La limousine parte, il motore è così silenzioso che non mi sono nemmeno accorta che la vettura fosse accesa.
-Faremo tutto il viaggio in macchina?-
Chiede mia madre a Gregor, dopo avergli lanciato un'occhiata che avrebbe congelato un vulcano in eruzione.
-Si, per quanto viaggiare in limousine dia nell'occhio, è sempre meno tracciabile di comprare biglietti aerei-
Le rispose lui dopo aver allontanato il suo volto dal mio.

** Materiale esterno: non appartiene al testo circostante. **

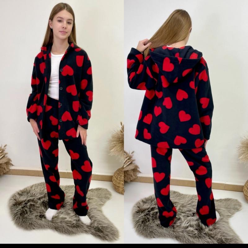 на ґудзиках з капюшоном штани в поясі під резинку є кишені Тканина ніжний, мʼякий фліс Гарна якість! зріст/довж.кофти/пог/рукав від горловини/довж.штанів/крок/пот/поб похибка+-2см 140/61/47/57/89/65/26/44-4шт 146/62/48/58/91/67/27/45-3шт 152/63/49/60/94/70/28/47-2шт 158/66/51/62/98/73/29/48-2шт ❤️

Il pensiero del viaggio in limousine mi turba profondamente, insieme al fatto che è ormai certo che passerò la notte insonne, almeno queste sono le aspettative.
Non so dove guardare, dare una sbirciata fuori dai finestrini è impensabile circondata come sono, così come lo è guardare i miei genitori. Tempo poco mi ritrovo a guardare un punto indefinito della moquette per terra.
Il viaggio prosegue nel silenzio più assoluto. I due al mio fianco guardano fuori, ognuno dal proprio lato. Il dolce movimento della limousine mi culla e i miei occhi cominciano a chiudersi. Trovare un punto dove poggiare la testa sembra impossibile, soprattutto con le due spalle che mi trovo ai lati. Decisa a non essere trattata come la corda del tiro alla fune da quei due soggetti, ugualmente irritanti al momento, reclino la testa all'indietro, sperando di riuscire a riposare senza muovermi troppo.
L'ultimo pensiero che faccio prima di addormentarmi è chiedermi fa che parte tegno solitamente la testa quando dormo, se verso destra o verso sinistra.
Mentre scivolo nel sonno, sento la testa inclinarsi da un lato.